OMAHA, Neb.—Firefighters who responded to February’s fiery train derailment in Ohio struggled to immediately identify the hazardous chemicals the train was hauling due to a lack of communication from the railroad, officials said Thursday.
During a public hearing in East Palestine—where thousands of residents had to evacuate their homes because of the derailment—National Transportation Safety Board chairwoman Jennifer Homendy asked why it took Norfolk Southern so long to provide details of the freight to first responders. One local fire chief said it was about 45 minutes before his crew received that information.
Knowing what was on the train helps firefighters determine the proper response.
The two-day NTSB hearing was designed to provide information to residents, officials, and investigators about the emergency response and the crucial decision three days after the derailment to release toxic vinyl chloride from five tank cars and burn it to keep them from exploding.
That sent a towering plume of black smoke over the town near the Ohio-Pennsylvania border and prompted the evacuation of about half of its 5,000 residents. Even now, residents are concerned about lingering impacts on health, even though state and federal officials say tests show the town’s air and water are safe.
East Palestine Fire Chief Keith Drabick said Thursday that there was a consensus in the command center that releasing and burning the chemicals was the “least bad option.”
Railroad experts and contractors who helped with the emergency response said they believed they had no choice except to use explosives to blow a hole in the tank cars to release and burn the vinyl chloride. Moving the cars or draining the chemicals were not options.
Temperature readings and malfunctioning pressure relief valves led experts to believe a chemical reaction was taking place inside the tank cars that was building pressure, and that this could cause an explosion.
Drew McCarty with Specialized Profession Services said one of the tank cars “frankly scared the hell out of us” when it violently released vinyl chloride with a roar after hours of calm. McCarty said that, combined with his decades of experience, made him think the cars could explode.

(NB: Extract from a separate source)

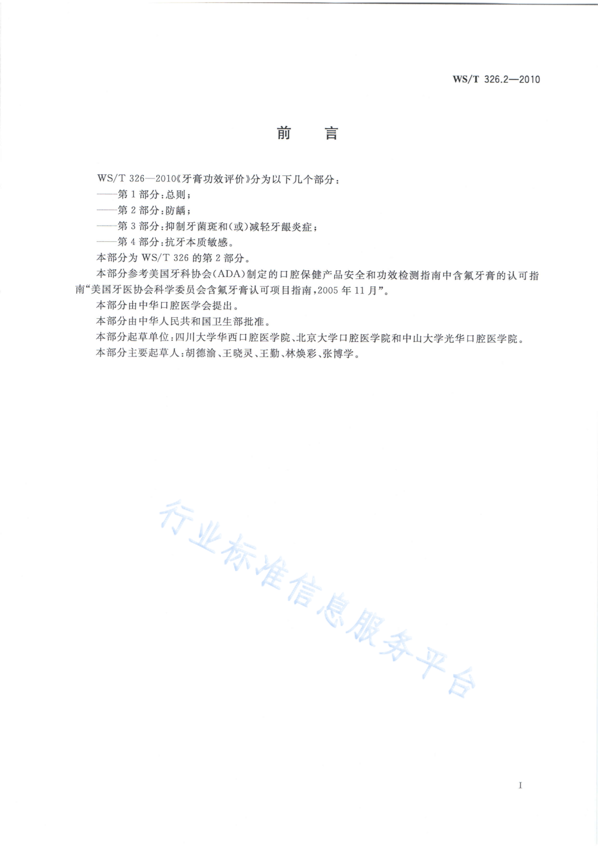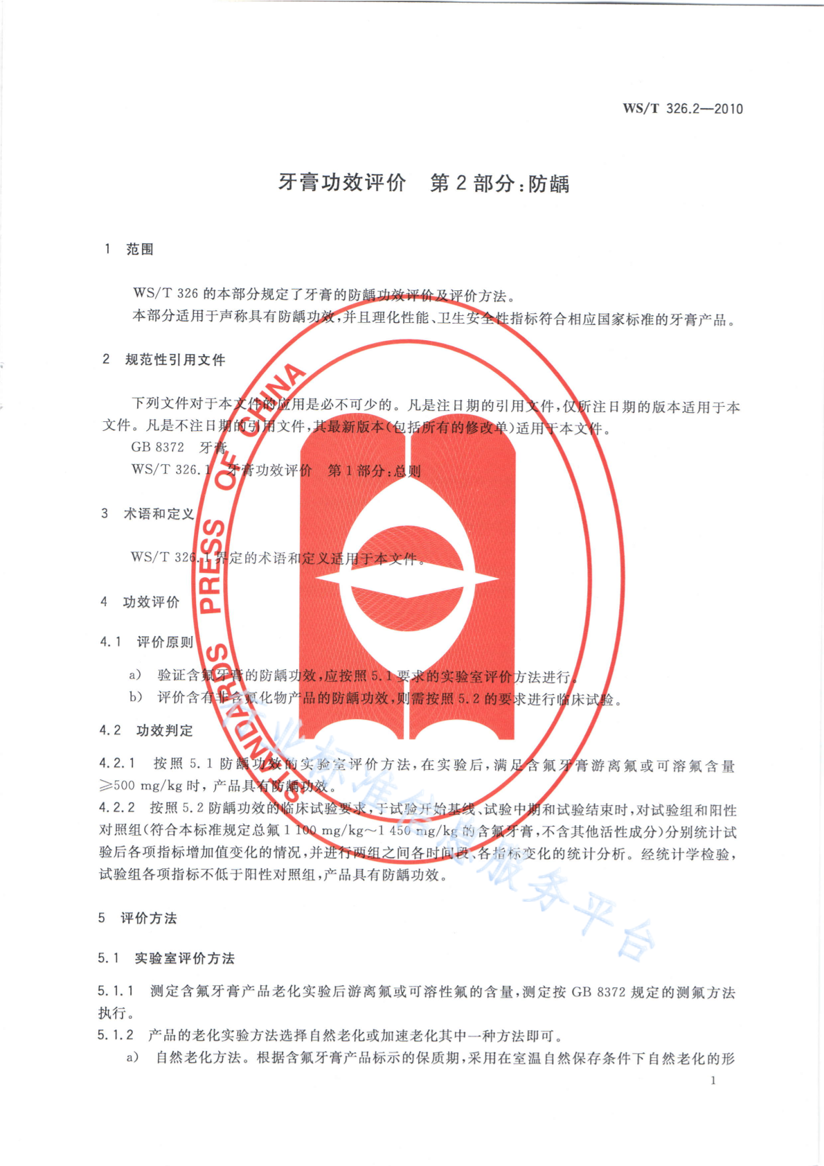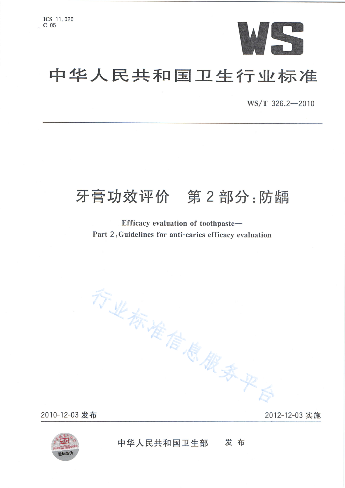WS/T 326.2-2010 牙膏功效评价 第2部分:防龋

Officials from Oxy Vinyls—the company that produced the vinyl chloride—said they were convinced that the chemical remained stable inside those cars and they tried to explain that to the railroad before officials decided to vent the cars and burn the vinyl chloride, but Norfolk Southern didn’t explain that to decision makers. Tests the company did later showed no evidence that the reaction had occurred.
Drabick said it would have been helpful to know about Oxy Vinyls’ opinion at the time, but he doesn’t think it would have changed the decision.

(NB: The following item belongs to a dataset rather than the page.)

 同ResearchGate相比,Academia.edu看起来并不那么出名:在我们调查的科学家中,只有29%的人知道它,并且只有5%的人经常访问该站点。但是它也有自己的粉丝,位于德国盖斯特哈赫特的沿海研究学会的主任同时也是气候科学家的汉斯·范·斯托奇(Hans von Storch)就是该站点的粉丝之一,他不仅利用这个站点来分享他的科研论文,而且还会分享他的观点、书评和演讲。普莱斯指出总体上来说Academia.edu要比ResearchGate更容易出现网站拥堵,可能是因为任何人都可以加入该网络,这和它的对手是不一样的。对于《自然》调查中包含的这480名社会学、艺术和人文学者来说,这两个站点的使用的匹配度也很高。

Norfolk Southern’s Robert Wood said even if there wasn’t a chemical reaction, officials were still concerned that the tank cars could fail and release the vinyl chloride.
“If that car fails, that is a large cloud of liquefied flammable gas that’s going to light off and can have devastating consequences,” Wood said.
Drabick and other first responders who testified said firefighters need more training—particularly volunteer firefighters like those first on the scene after the derailment—on how to handle hazardous materials. But he conceded it would be hard to imagine ever being fully ready for a disaster of that magnitude.
“I don’t think you can ever be prepared for something like this,” Drabick said.
Ohio officials said volunteer firefighters receive only 36 hours of initial training when they are certified—significantly less than the 200 hours professional firefighters receive—and that includes no hazardous materials training.
The fire chiefs said the initial response to the derailment was complicated because the radios used by the different departments don’t work with each other. It also took time for emergency responders to discover exactly what the train was carrying because the first firefighters on scene didn’t have access to the AskRail app that railroads developed to provide that information. The train crew that also had that information was a mile away after moving the locomotive and didn’t immediately connect with first responders.
Drabick said it took about 45 minutes for his department to discover what was in the cars. Homendy said the railroad didn’t immediately provide that information to dispatchers and officials who requested it.
Eventually, officials learned about the dangerous nature of the cargo and pulled firefighters back from the derailment site. They also ordered the evacuation of all homes within one mile.
The NTSB said in its preliminary report that an overheated bearing on one of the railcars likely caused the derailment, but it could take more than a year before the agency publishes its final report. The bearing started heating up miles before the derailment, according to sensors on the tracks, but it didn’t get hot enough to trigger an alarm until just before the crash. The crew had little time to react.
Video gathered by investigators showed sparks or fire beneath one of the rail cars starting at least 26 miles (42 kilometers) before the derailment in Salem, Ohio.
The hearing on Friday will focus on tank car safety and the trackside detectors.
This derailment and others generated nationwide concern about railroad safety and prompted members of Congress to propose reforms. Norfolk Southern’s CEO Alan Shaw was grilled at two Senate hearings where he apologized for the derailment and promised to make things right in East Palestine.